Set the pictures aside and write down, exactly as they appear, the lines from the one containing "sudden power failure)" through the end of the material.

(Beginning of Dataset extract)

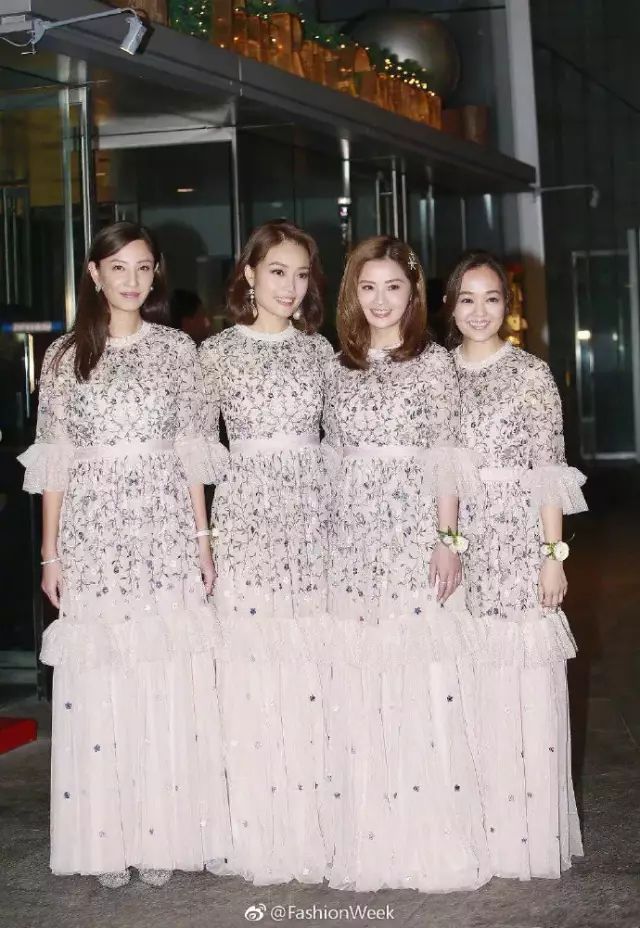 蔡卓妍、容祖儿、郑希怡作为伴娘团出场,伴娘们的礼服每次都是大家关注的焦点,这次的伴娘服上身是贴身设计,勾勒着鲜花刺绣,下摆拼接了飘逸的白色纱裙。
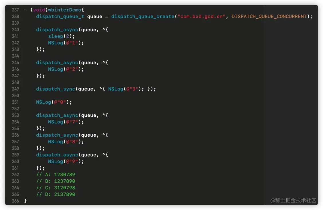 dispatch_sync(queue, ^{ NSLog(@"3"); })同步函数将会堵塞249行以下的代码,所以3一定比0先打印; 0在主队列中,所以0一定比7 8 9先打印;- 3、因为
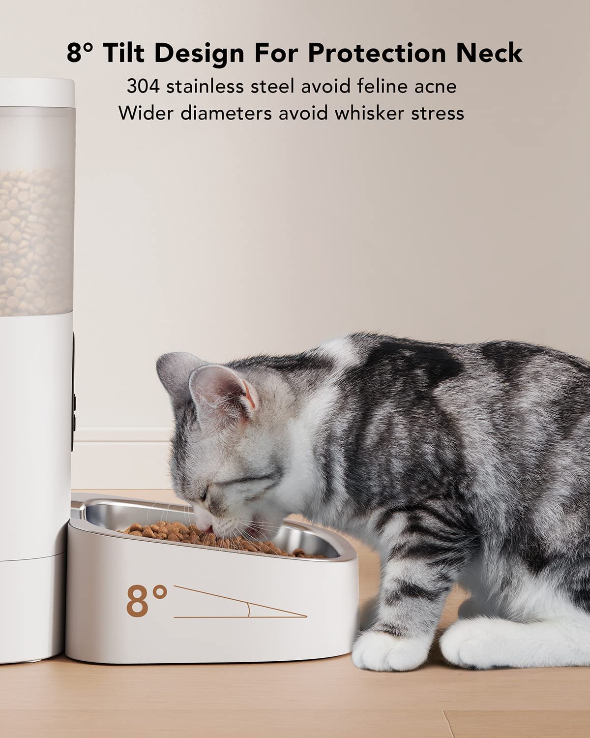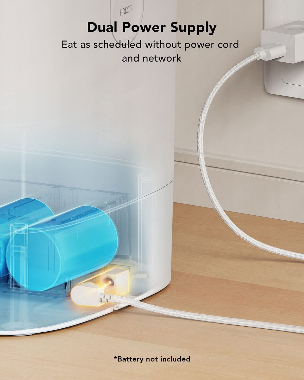• Dual Power Supply: Use the 5V DC adapter while sustaining the auto cat feeders power via 3 alkaline D-cell batteries(not included) installed in case of power outages, ensure that your pet gets food consistently. (Equipped with setting memory to prevent sudden power failure)
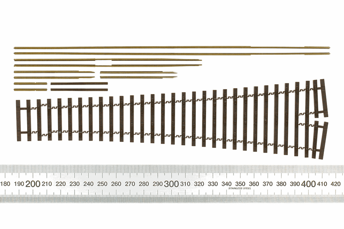 An easy to build kit of a nice gentle point that can be built straight or curved. Frog 11 degrees. Perfect match for all Tillig Elite trackwork of course!
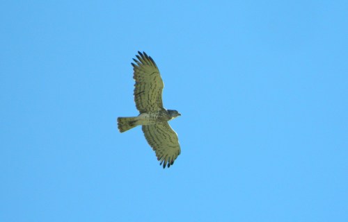 But there wasn’t just the immense Griffon vultures to be seen, more short-toed eagles and a lesser spotted eagle soared over from the west. We stood there patiently, watching as the large birds of prey passed by, entranced by the richness of the region. Next up, a Bonelli’s eagle emerged from the cliffs, its rounded wings and pale abdomen giving away its identity. I was excited to see my first-ever Bonelli’s eagle, but there was no time to waste because more birds were emerging.
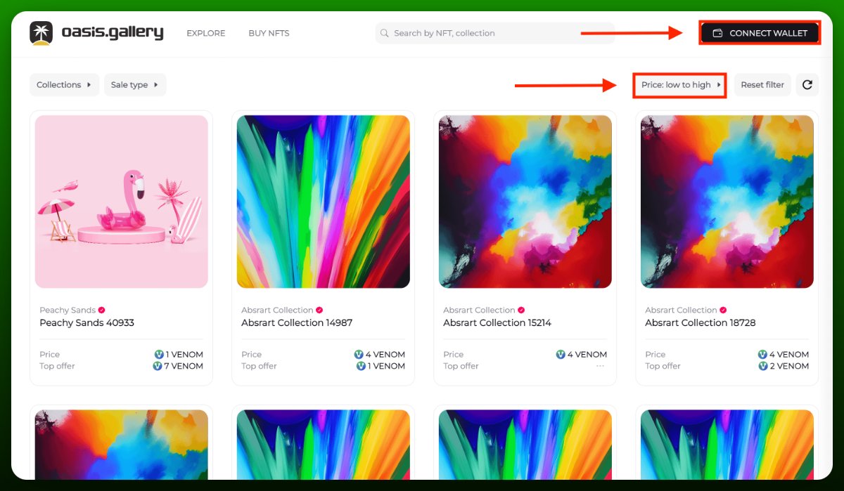• Перейдите на http://venom.network/tasks/oasis-gallery
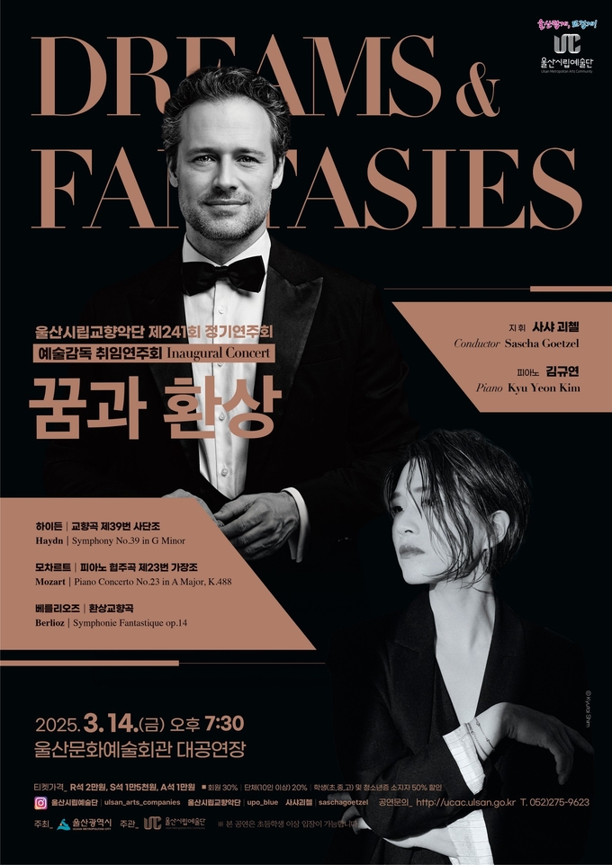 [경남도민뉴스=최재경 기자] 울산시립교향악단은 오는 3월 14일(금) 오후 7시 30분 울산문화예술회관 대공연장에서 마에스트로 사샤 괴첼의 예술감독 겸 상임지휘자 취임연주회 ‘꿈과 환상(Dreams & Fantasies)’ 무대를 마련한다.
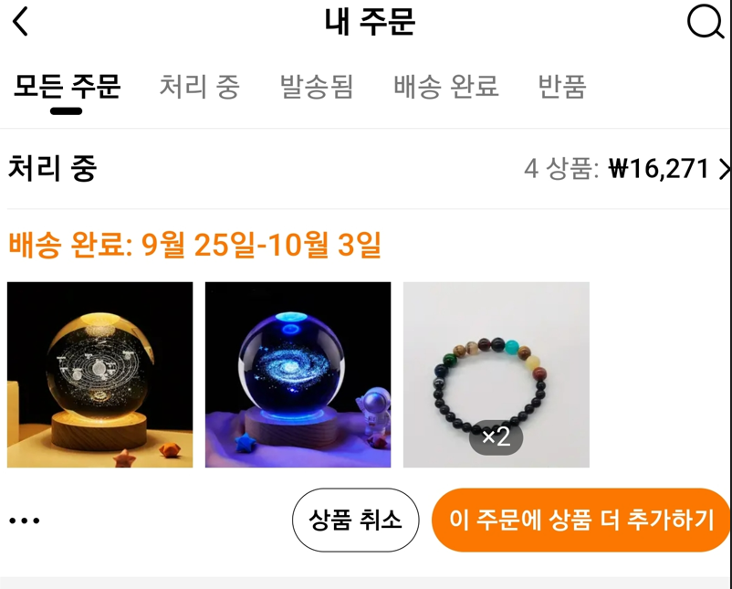저 역시도 우주 크리스탈 볼 2가지와 우주 행성 팔찌 4가지 상품을 모두 사는데 단돈 만6천원 들었네요.
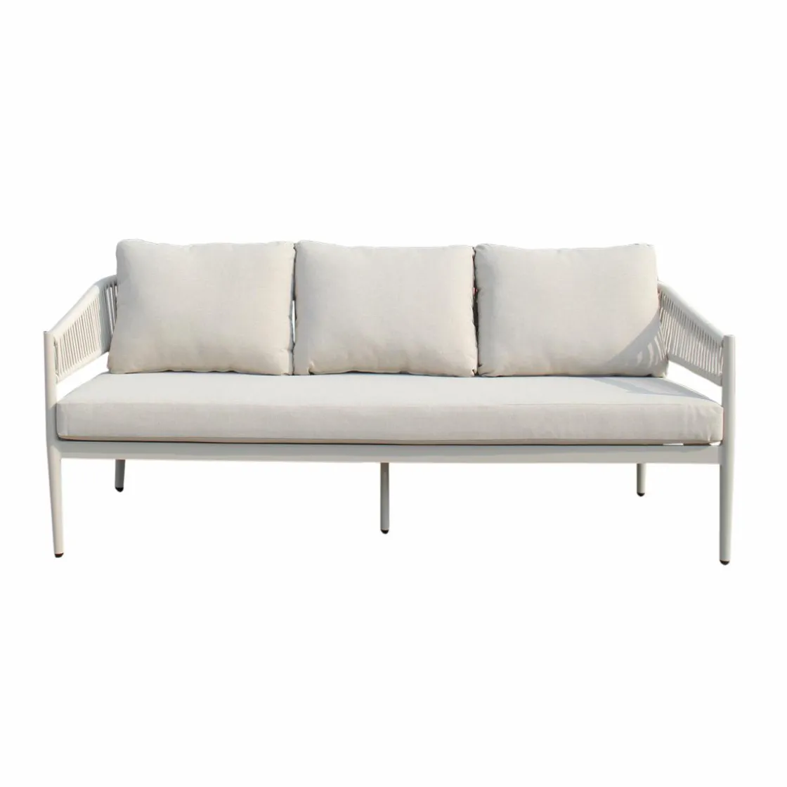 Sa structure en aluminium est associée à des dossiers et accoudoirs en corde, pour un look à la fois naturel et élégant. Une table basse complète l’ensemble, tandis que les coussins confortables ajoutent une touche de douceur. Un choix parfait pour créer un espace extérieur chaleureux et tendance.

(End of Dataset extract)

**The completed task**:
• Dual Power Supply: Use the 5V DC adapter while sustaining the auto cat feeders power via 3 alkaline D-cell batteries(not included) installed in case of power outages, ensure that your pet gets food consistently. (Equipped with setting memory to prevent sudden power failure)
 An easy to build kit of a nice gentle point that can be built straight or curved. Frog 11 degrees. Perfect match for all Tillig Elite trackwork of course!
 But there wasn’t just the immense Griffon vultures to be seen, more short-toed eagles and a lesser spotted eagle soared over from the west. We stood there patiently, watching as the large birds of prey passed by, entranced by the richness of the region. Next up, a Bonelli’s eagle emerged from the cliffs, its rounded wings and pale abdomen giving away its identity. I was excited to see my first-ever Bonelli’s eagle, but there was no time to waste because more birds were emerging.
• Перейдите на http://venom.network/tasks/oasis-gallery
 [경남도민뉴스=최재경 기자] 울산시립교향악단은 오는 3월 14일(금) 오후 7시 30분 울산문화예술회관 대공연장에서 마에스트로 사샤 괴첼의 예술감독 겸 상임지휘자 취임연주회 ‘꿈과 환상(Dreams & Fantasies)’ 무대를 마련한다.
저 역시도 우주 크리스탈 볼 2가지와 우주 행성 팔찌 4가지 상품을 모두 사는데 단돈 만6천원 들었네요.
 Sa structure en aluminium est associée à des dossiers et accoudoirs en corde, pour un look à la fois naturel et élégant. Une table basse complète l’ensemble, tandis que les coussins confortables ajoutent une touche de douceur. Un choix parfait pour créer un espace extérieur chaleureux et tendance.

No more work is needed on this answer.